MBS sait que la tâche qui l’attend sera rude, et que le sort d’un réformateur iconoclaste en Arabie est souvent éclaboussé de sang… ». Emmanuel Razavi avertit quant à lui que le prince fougueux et controversé « serait bien inspiré de se concentrer sur les réformes indispensables de la société saoudienne et de se désengager des massacres de la population Yéménite, de sa position ultra persophobe, de ses choix hasardeux d’armement de rebelles incontrôlables en Syrie, de ses montées de colères face au voisin qatari, ainsi que de son jeu de marionnettiste avec le premier ministre libanais Saad Hariri, aujourd’hui nu comme un vers face à un Hezbollah tout puissant depuis les dernières élections législatives au pays des cèdres ». Razavi poursuit en appelant à ne surtout pas arriver en Orient avec des idées reçues occidentales et être trop naïf : « d’abord parce que la notion de réforme en islam n’est pas toujours synonyme de progrès social et démocratique. Ensuite parce que Salmane est menacé par la vieille garde qui veut l’abattre. Salmane le sait, et il a entamé plusieurs vagues d’arrestations contre tous ceux qui ne partageaient pas sa vision de réformes, sous couvert de lutte contre la corruption, ou encore de lutte contre ceux qu’il désigne comme des traitres. Dans tous les cas, cette frénésie d’arrestations, teintée de paranoïa le met dans une situation délicate. Il est à la fois un détonateur, et une cible. Il y a aussi de nombreux foyers de contestations en Arabie saoudite, notamment parmi les chiites de l’Est du pays qui représentent une minorité souvent brimée. Plus que jamais, Al Qaïda Dans la Péninsule arabique, très présente et disposant de relais dans la société saoudienne et ailleurs, lui reproche son ‘progressisme’ forcené. Il est donc menacé à plusieurs niveaux.
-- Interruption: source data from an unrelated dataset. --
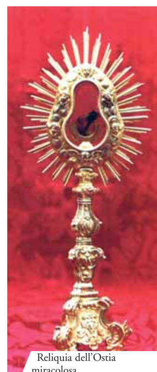
Reliquia dell'Ostia miracolosa

Concessero indulgenze plenarie a questo Miracolo Eucaristico diversi pontefici: Pio IV, San Pio V, Pio VI e Papa Gregorio XIV. Ancora oggi nella chiesa di Santo Stefano a Santarém è possibile ammirare queste preziose Reliquie. Secondo la data registrata nella copia del documento commissionato dal re Alfonso IV nel 1346, il 16 febbraio del 1266, a Santarém, una giovane donna, assalita dalla gelosia per il marito, si rivolse a una fattucchiera che le suggerì di andare in chiesa e di rubare un'Ostia consacrata per farne un filtro d'amore. La donna rubò l'Ostia e la nascose in un panno di lino che subito si macchiò di Sangue. Terrorizzata si recò di corsa a casa dove aprì il fazzoletto per vedere che cosa fosse successo. Con grande meraviglia vide che il Sangue sgorgava proprio dall'Ostia. Confusa, la donna ripose la Particola in un cassetto della sua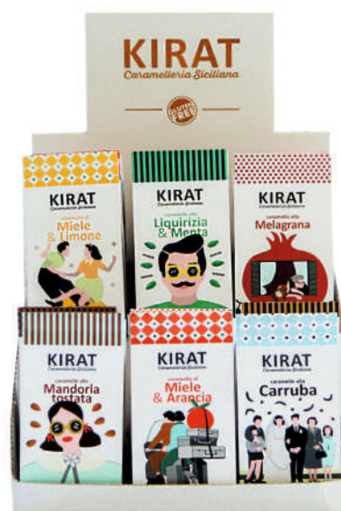
Espositore da 12 pezzi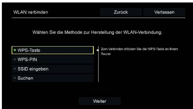
Illustration 6 : Configuration avancée du Wi-Fi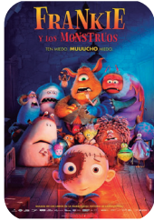
Frankie y los monstruos igandea 1 ▶ 16:45 91 min - AL - T.P.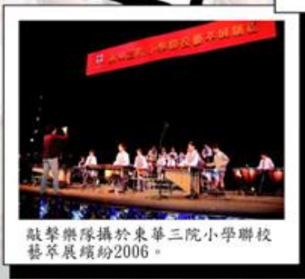
敲擊樂隊攝於東華三院小學聯校藝萃展繽紛2006。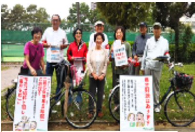
戦争NO! 安倍NO! をアピール

10月14日体育の日、市民オリピック開催中の金岡公園で、年金署名と、台風・豪雨による災害支援の募金活動を行いました。参加人数は8名でした。豪雨による甚大な被害がマスコミで報道されている最中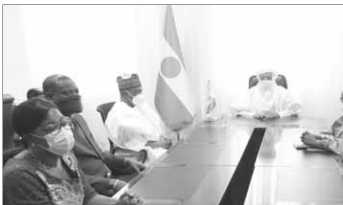
Le Premier ministre avec la délégation de la CEDEAO ...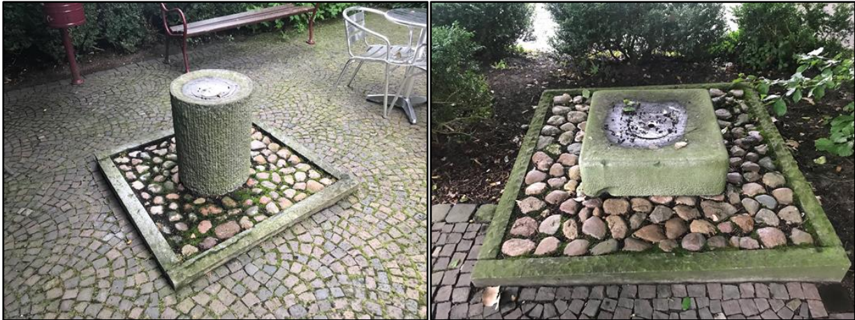
Abb. 1 + 2 Brunnen 1_Abmessung ca. 1,20 x 1,20 _ DSäule ca. 0,45 m | Brunnen 2_Abmessung ca. 1,50 x 1,50 _ Stein ca. 0,7x0,7 m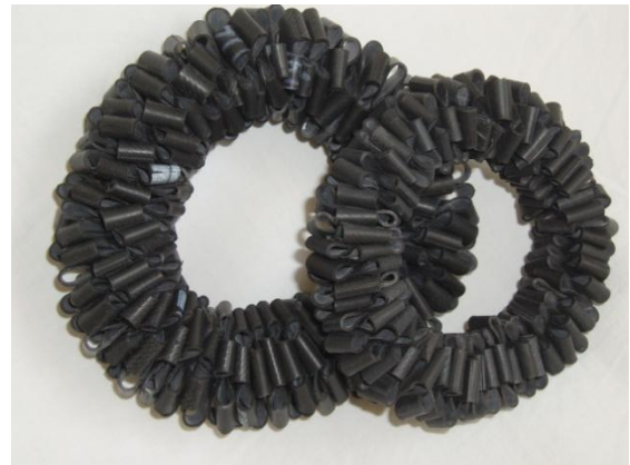
FEDE armbånd – kr. 95,-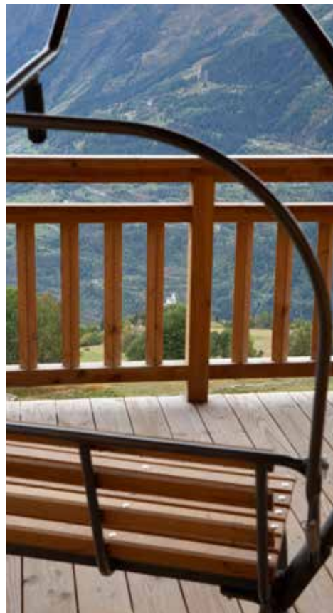
Taninges Télécabines a rénové et transformé un vieux télésiège 3 places en un strapontin original pour admirer la somptueuse vue.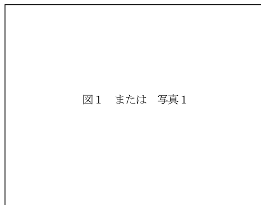
図1 または 写真1

6) 原稿を郵送する場合は、シワにならないよう厚紙等にはさんで、期日までにお送りください。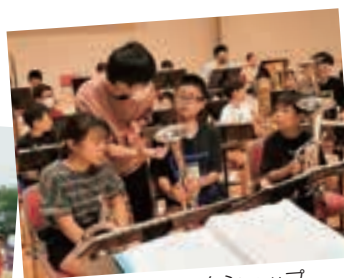
東京藝大ワークショップ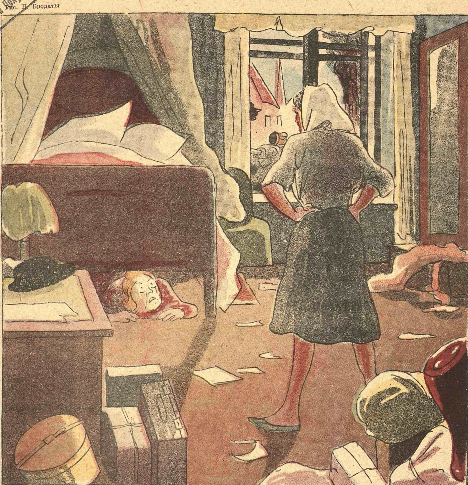
рис. Д. Бродаты

МАТ. ЭНЦИКЛОПЕДИЯ 7. 10. 1945 Мин. На. Народн. Вспомогат. Учр.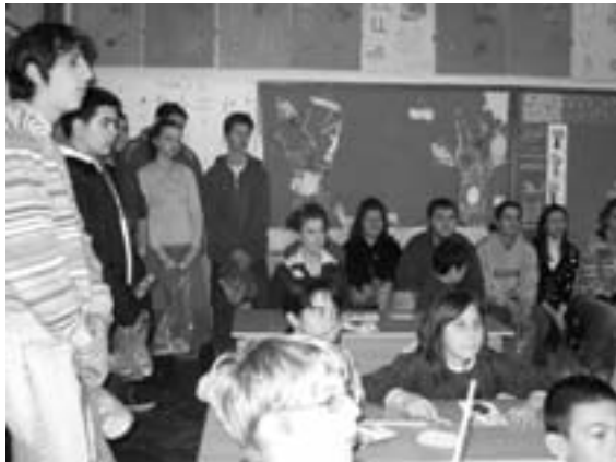
Парламентарци у посети „Братству“ након хуманитарне акције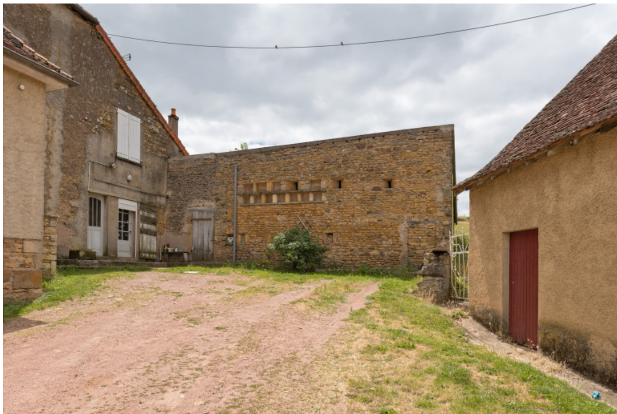
Mur d'une dépendance agricole (soue).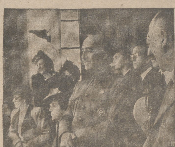
El Caudillo asiste a las regatas en La Coruña

Tokio, 28.—"Todos los convoyes norteamericanos que intenten alcanzar la URSS por el Estrecho de Bering se expondrán necesariamente a los ataques nipones", ha declarado hoy el portavoz del Gobierno japonés, reanunciando a la prensa de su patria.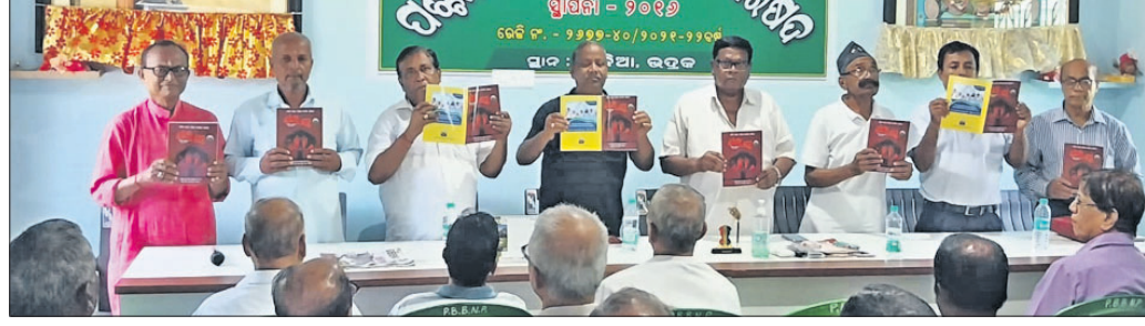
ପଶ୍ଚିମ ଭଦ୍ରକ ବରିଷ୍ଠ ନାଗରିକ ପରିଷଦର ବାର୍ଷିକ ଉତ୍ସବରେ ଅତିଥିମାନେ ପୁସ୍ତକ ଉନ୍ମୋଚନ କରୁଛନ୍ତି ।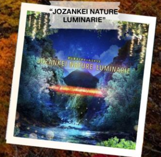
“JOZANKEI NATURE LUMINARIE”

วันเดินทาง 23 - 28 ต.ค. 2569 (วันปืยมหาราช) 28 ต.ค. - 2 พ.ย. 2569 30 ต.ค. - 4 พ.ย. 2569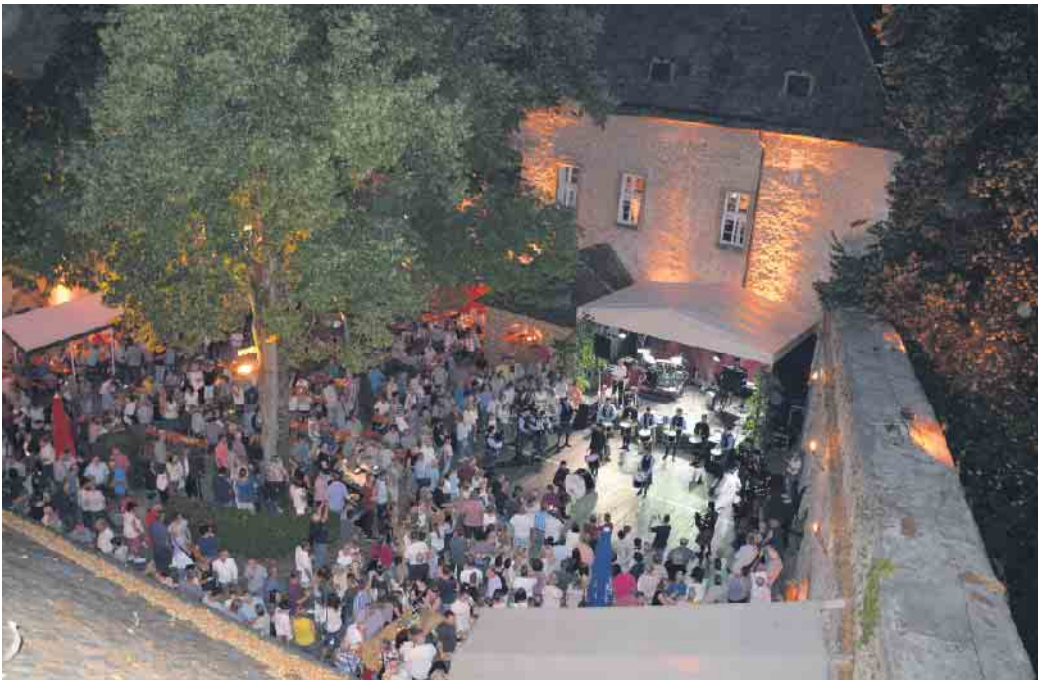
So präsentiert sich das Burgfest aus der Vogelperspektive mit der großen Linde im Innenhof.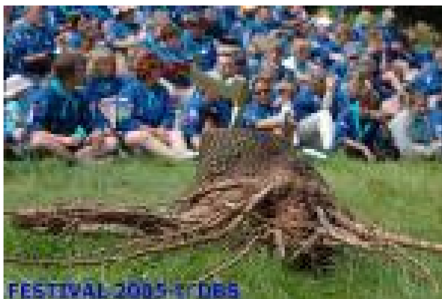
Billede fra Festival 2005 - DBS

Danske Baptistspejderes Landsgilde er stiftet 1954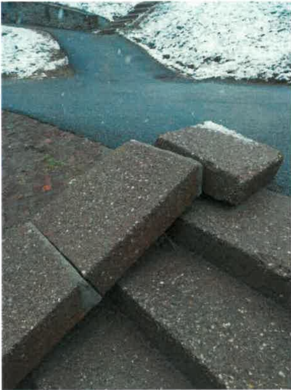
Place des carreaux centre commercial Laisse en l'état l'hiver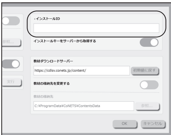
B: セットアップ画面→「システム設定」内の「インストールID」入力欄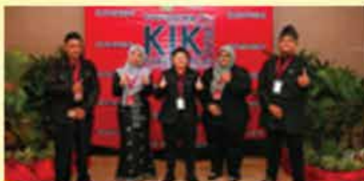
PERPUSTAKAAN TUN ABDUL RAZAK UNIVERSITI TEKNOLOGI MARA, SHAH ALAM KUMPULAN I-CLIQUE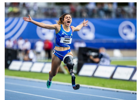
Das Gewinner-Foto „Ein Schrei, ein Sieg“.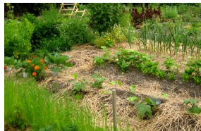
Jardin écologique naturel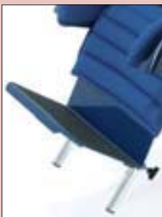
Die Fußbank ist in Höhe und Kniewinkel einstellbar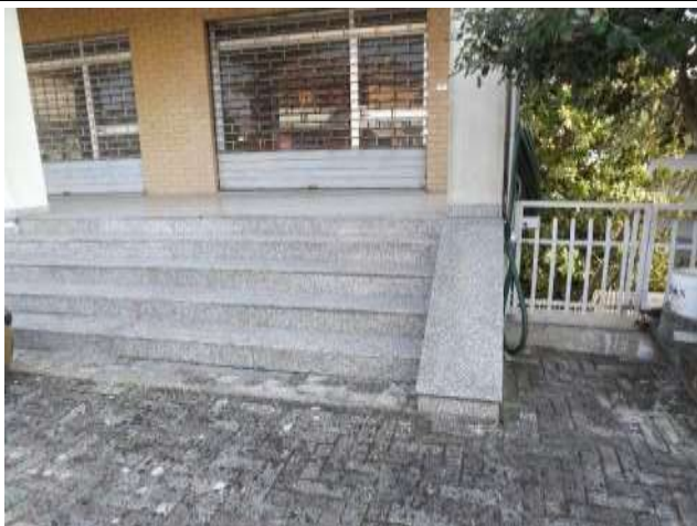
Ingresso su corte laboratorio sub 12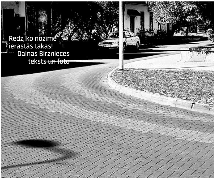
Redz, ko nozīmē ierastās takas! Dainas Birznieces teksts un foto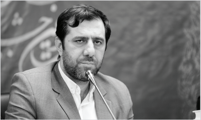
مدیرکل بنیاد مسکن استان فارس

حرفه‌ای‌ترین گروه‌های اجرا طی ۱۰ شب به اجرای زندگی‌نامه حافظ شیرازی در قالب نور، تصویر و صوت می‌پردازند و تلاش خواهیم کرد این اثر یک کار ویژه باشد.

En guise de conclusion : gare à l’Iran…

Lui-même d’origine iranienne, bien que d’une famille proche du Shah d’Iran et aucunement soupçonnable de complaisance avec le régime des Mollahs iraniens, Emmanuel Razavi avertit également que si MBS « ne manque pas de courage, il ne faut pas perdre de vue non plus que la façon dont Salmane a lancé sa campagne de changements perturbe les équilibres fragiles dans le Golfe Persique ». On le voit par exemple avec le Qatar, depuis le Printemps 2017, et au Yémen puis dans la gestion du dossier iranien. « Le fait qu’il attise le feu de la discorde avec l‘Iran est très dangereux », d’après Razavi, qui rappelle que l’Iran est un grand pays, une puissance historiquement incontournable dans le Golfe, que sa société est jeune, très éduquée, ouverte sur le monde, et surtout que son armée sans aucun doute mieux entraînée et beaucoup plus cohérente que l’armée saoudienne… ». De ce point de vue, le talon d’Achille de MBS est probablement son bellicisme régional et son obsession anti-chiite-iranienne. Selon Emmanuel Razavi, « il faut donc empêcher Bin Salmane, encouragé par les Américains et Trump de poursuivre sa quête anti-iranienne. Sans quoi cela risque de conduire à un nouveau conflit dans la région qui ne lui sera pas favorable, même s’il croit unir son pays contre un ennemi extérieur et qu’il se croit soutenu sur le long terme par les Etats-Unis »… Suite au prochain épisode, notamment concernant l’hypothétique refonte de l’accord sur le nucléaire iranien de 2015 que le retrait américain a rendu totalement caduc.